At the academy, “I don’t get bored ’cause I guess I am pushed so much,” said McNett, a sophomore. “It makes you like you need to do more, you need to know more.”
In math class, McNett quickly worked through quadratic equations on her laptop. When she finished, the system spitted out additional, more challenging problems.
Her math teacher, Britney Wray, says that in her previous school she was torn between advanced learners and those who lagged significantly. She says often she wouldn’t know if a student was failing a specific unit until she started a new one.
In comparison, the academy’s technology now gives Wray instant feedback on which students need help and where. “We like to see the problem and fix the problem immediately,” she said.
Still, most researchers say it is too early to tell if personalized learning works better than traditional teaching.
A recent study by the Rand Corporation found that personalized learning produced modest improvements: a 3 percentile increase in math and a smaller, statistically insignificant increase for reading compared with schools that used more traditional approaches. Some students also complained that collaboration with classmates suffered because everybody was working on a different task.
“I would not advise for everybody to drop what they are doing and adopt personalized learning,” said John Pane, a co-author of the report. “A more cautious approach is necessary.”

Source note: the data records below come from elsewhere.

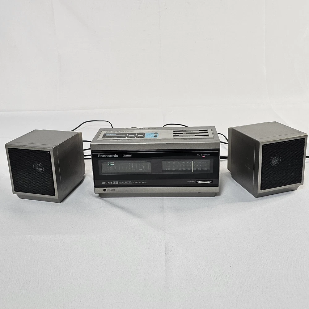 Vtg Panasonic Accu-Set Alarm Clock AM/FM Radio RC-X310 With Original Speakers. Good Condition, Everything Works Great. Ships Out Free Within One Business Day.
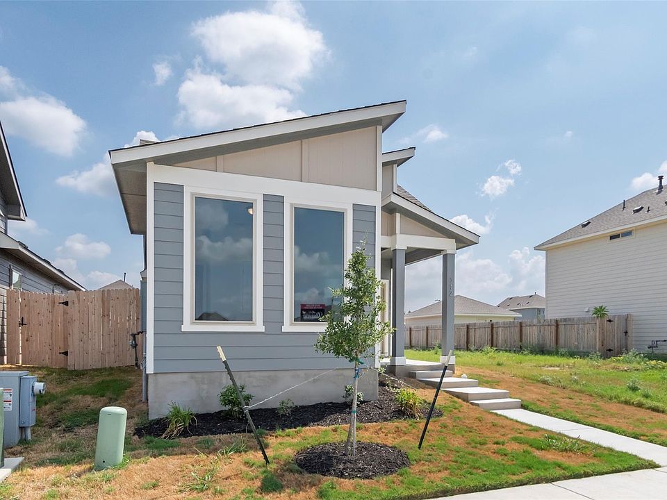 MLS# 4193520 - Built by Pacesetter Homes - Ready Now! ~ Discover modern living in this beautifully crafted single-family residence located in the desirable Blanco Vista Heritage Point subdivision. This newly completed home, built in 2025, encompasses 1,171 square feet of thoughtfully designed space, featuring three spacious bedrooms. With two full bathrooms, the home offers a double vanity in the primary suite, perfect for busy mornings. The open floorplan seamlessly integrates the living and dining areas, creating a warm and inviting atmosphere. Enjoy the convenience of modern amenities with dedicated hookups for both a washer and dryer, as well as a pantry for all your storage needs. The interior is enhanced by ceiling fans in both the primary bedroom and living room, and plush carpeting, offering a cozy yet stylish environment. Step outside to a private yard, beautifully landscaped, featuring a 10x10 patio! The home is equipped with central heating and cooling systems, ensuring comfort throughout the seasons. Located within the esteemed Hays CISD, this property is in close proximity to Blanco Vista Elementary, Laura B Wallace Middle School, and Jack C Hays High School. This residence is ready for you to make it your own!
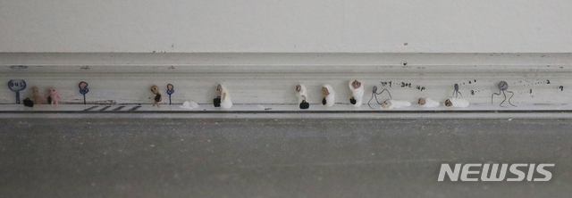 【과천=뉴시스】조수정 기자 = 국립현대미술관 50주년 기념전 '광장:미술과 사회 1900-2019' 언론 사전공개 행사가 열린 16일 경기 과천시 국립현대미술관 과천관에서 함진 작가의 '틈새인간들'이 벽면과 바닥 사이에 전시돼 있다. 국립현대미술관 50주년 기념전 '광장:미술과 사회 1900-2019'는 한국 미술 100년을 조명한다. 덕수궁관과 서울관에서 2020년 2월9일까지, 과천관에서 2020년 3월 29일까지 열린다. 또 개관기념일인 10월 20일 덕수궁·과천·서울·청주 4관을 무료 개방한다. [email protected]
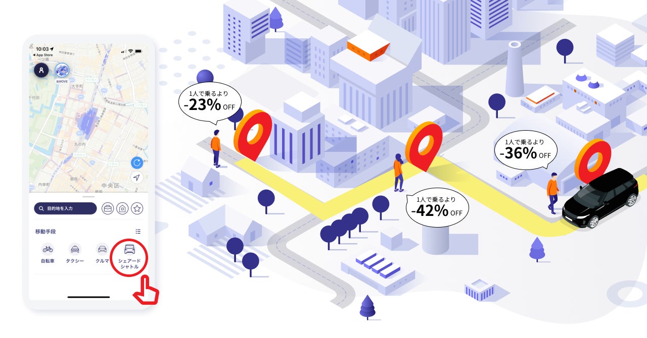 三井不動産/ShareTomorrowとNearMeが連携、有償の「タクシー相乗りサービス」で協業開始
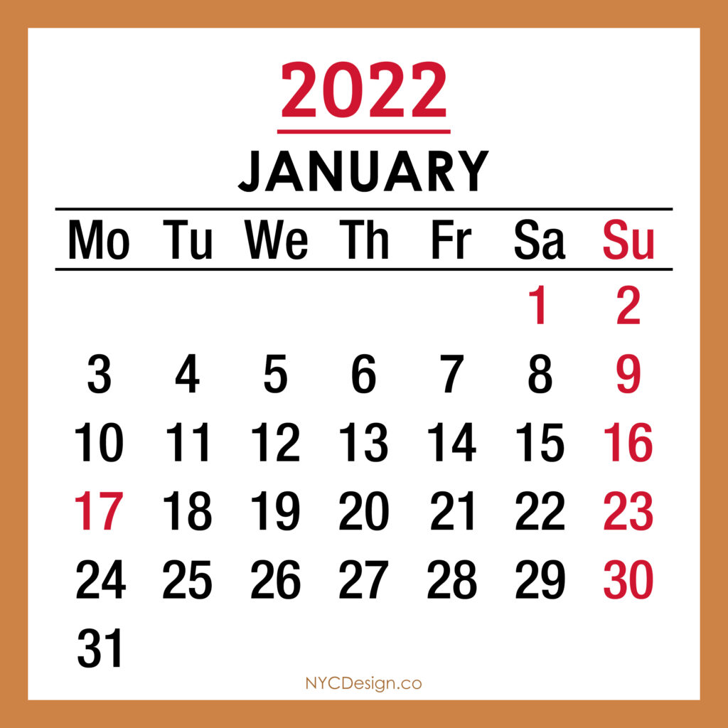 2022 Calendars• Calendars• Monday Start• Monthly Calendars 2022 Monthly Calendar with USA Holidays, Printable Free – Monday Start, Red 2020-10-172022-08-04
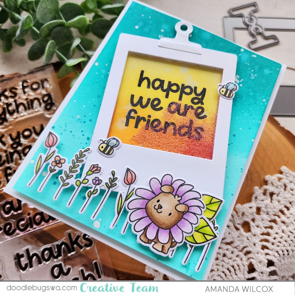 I had a general design in mind with the polaroid frame dies holding my sentiment and the sweet images from Flower Friends below. So I die cut my frame from white cardstock and took the inside piece that cuts out and ink blended it before stamping a sentiment. For that I chose carved pumpkin and squeezed lemonade distress oxide inks. I spritzed it with water and blotted it dry, then stamped my sentiment and adhered the cute clip to the top, which is a die included in the frame set.
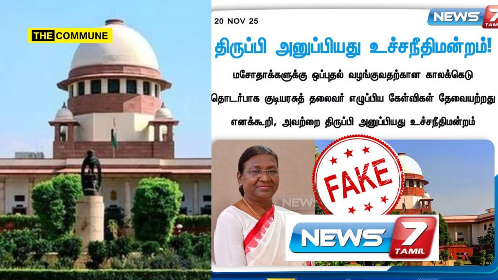 However, even as the ruling became public, News7 Tamil published a completely false interpretation of the verdict, claiming the Supreme Court had “returned” the questions and dismissed the reference – the precise opposite of what the Bench actually held.

The new opportunities also pose new challenges. Pediatricians warn that too much screen time can come at the expense of face-to-face social interaction, hands-on exploration and physical activity. Some studies also have shown that students may learn better from books than from computer screens, while another found that keeping children away from computers for five days in a row improved their emotional intelligence.
Some teachers are skeptical. Marla Kilfoyle, executive director of the Badass Teachers Association, an education advocacy group, agrees that technology has its merits, but insists that no computer or software should ever replace the personal touch, motivation and inspiration teachers give their students.
“That interaction and that human element is very important when children learn,” Kilfoyle said.